Почему брошенный всеми Лир красив!
– Угрожающая культура… Странно слышать… – пробормотал Максим.
– Послушай, Максим! Сейчас не время любезностей, сладких слов.
Идет война. И культура эпохи войны – это культура эпохи войны,
жесткая, твердая, не выбирающая слов. Исламистская! Может, Россию
только культурный ислам и спасет!
Владислав с изумлением наблюдал, как будничное выражение лица
Максима, словно в калейдоскопе, разрушилось и сменилось брезгливостью,
сквозь которую, впрочем, просвечивала жалость.
– А дети твои, – продолжал Владислав, не давая сыну слова молвить,
– дети твои погибнут. Как погиб Витя. Ведь ничего у них нет за
душой. Они же ватные! Их сдует, как перышко со стола! Куда ты
отпускаешь их, подумай? Чем больше они будут жить здесь, в этой
квартире, в невыносимых, может быть, для них условиях, тем больше
кальция накопят в кости. Терпите! У тебя уже седины, но ты ничего
не понимаешь в жизни, ты поверхностен и оттого мягок, твои слова
о «культуре», которой я вас «кормил», подтверждают это. Я – кормил?
Нет. Я хлебом вас кормил, как все отцы. Культурой нельзя накормить,
это нечто вроде воздуха. Это в генах. А в генах я сам нищ, вот
так.
Максим пожал плечами:
– Ты слаб и агрессивен, папа, – сказал с плохо скрытой досадой.
– Пусть ты победил, но это пиррова победа. Иногда, даже слишком
чувствуя правоту, нужно уметь вовремя остановиться.
И, сказав так, вышел. Он очень обиделся за своего сына. Разговора
не получилось.
– Не поймешь ты, птенец, не поймешь, время не пришло, – метнул
Владислав ему в спину.
Вечером под домом заурчала грузовая машина, в которую впопыхах
скидывали вещи. Владислав сухо попрощался. Елена плакала. Перед
этим она сказала Тарасу: – Я хочу извиниться перед тобой за дедушку.
Я вовсе не сторонник его методов. Я, скорее, их противник. Но,
мне кажется, всем нам нужно принимать дедушку, как принимают горькое
лекарство. Я сама и плачу от него, и жить не могу вне его характера
вот уже много лет. Он не брюзга, он стоик. В нем есть то, чего
уже нет давно, что рассыпалось. Я не знаю, как это назвать, –
стержень, принципы...
– Да ничего у него не осталось, кроме яда, – сухо прокатил Тарас.
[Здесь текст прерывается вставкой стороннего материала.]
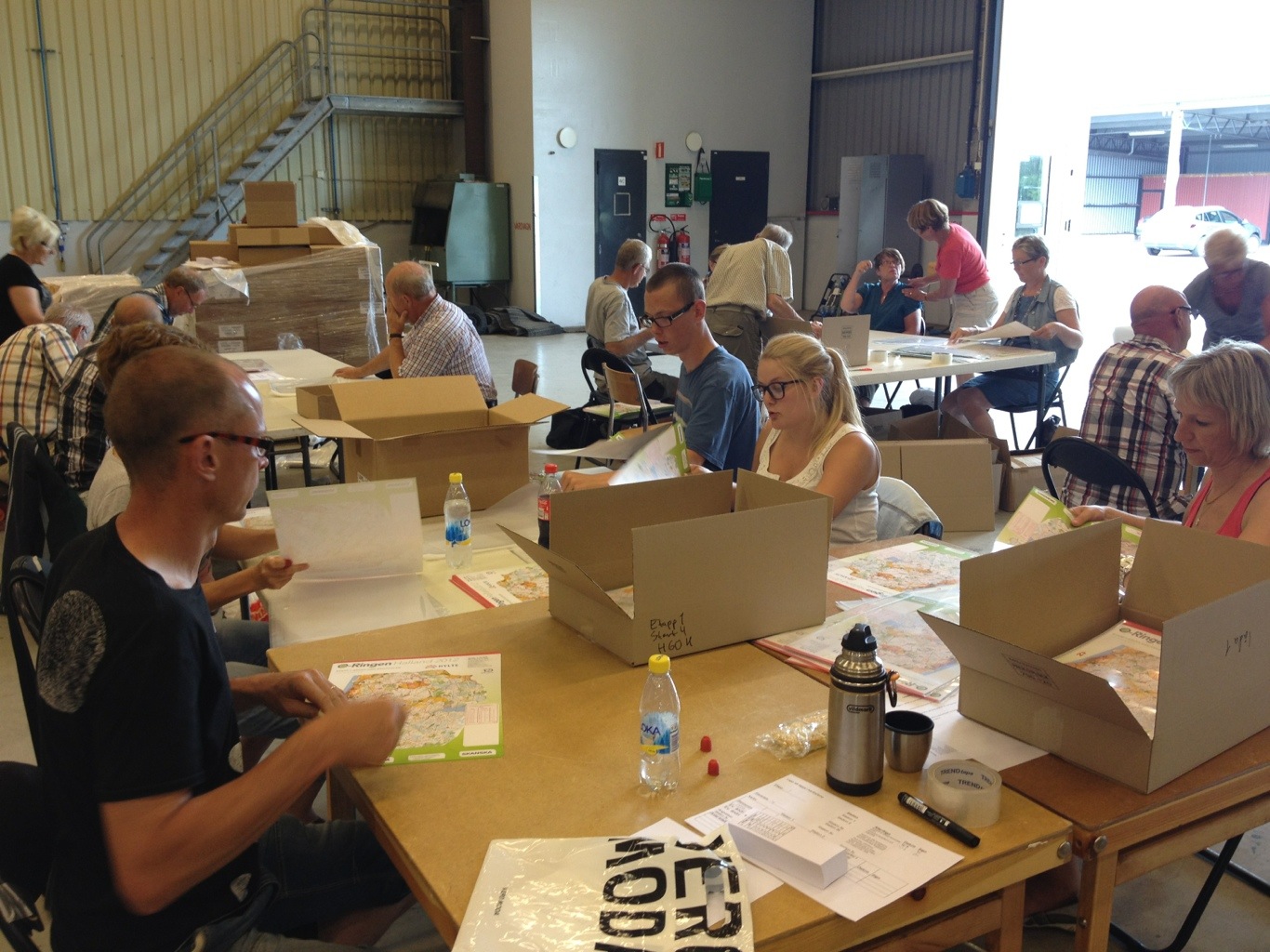 Vi hann inte packa alla kartor idag men det blev ändå ca 12 000 kartor plastade idag. Nu har vi bara 6000 kvar. Vi kördde sedan hem för att byta om inför kvällens Tjogetträning.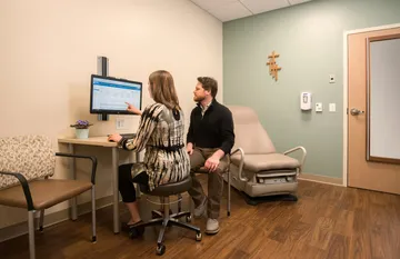 The imminent adoption of a more accessible electronic medical record provides opportunity for improvements in collaboration, care coordination, patient scheduling and room utilization. Dual access exam rooms and supporting technology provide patient self-rooming opportunities and efficiencies for a new integrated care team model. Behind the scenes contiguous exam pods are connected so that staff can flex to support varying levels of clinic activity.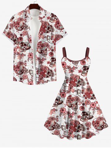 Plus Size Skull Floral Striped Print Hawaii A Line Tank Dress - Red - 5x
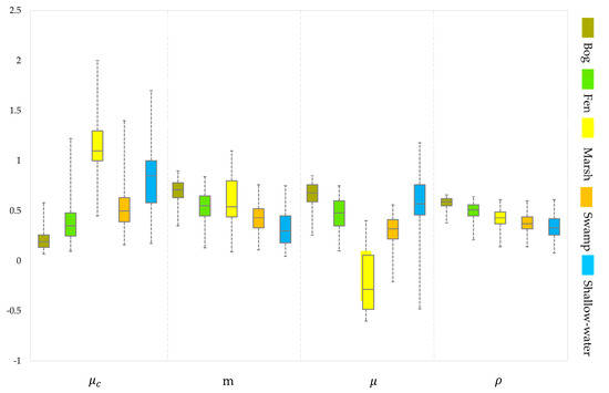Figure 8. Box-and-whisker plots for extracted features from the CP SAR data for wetland classes obtained from pixel values of the training data set. Note: µc: circular polarization ratio, m: degree of polarization, µ: conformity coefficient, and ρ: correlation coefficient.

– Пусть, – с достоинством ответила Елена. – Принимайте этот яд
по капле. Я вам его прописываю.
Наступил следующий день.
Утром, пошевелившись, Владислав ощутил внутри себя какое-то инородное
принуждение, нажим, будто весь он перестал звучать, и не мог звучать
в принципе, потому что с инструмента струны сняли. Онемение во
всем теле, но главное, что борода кололась.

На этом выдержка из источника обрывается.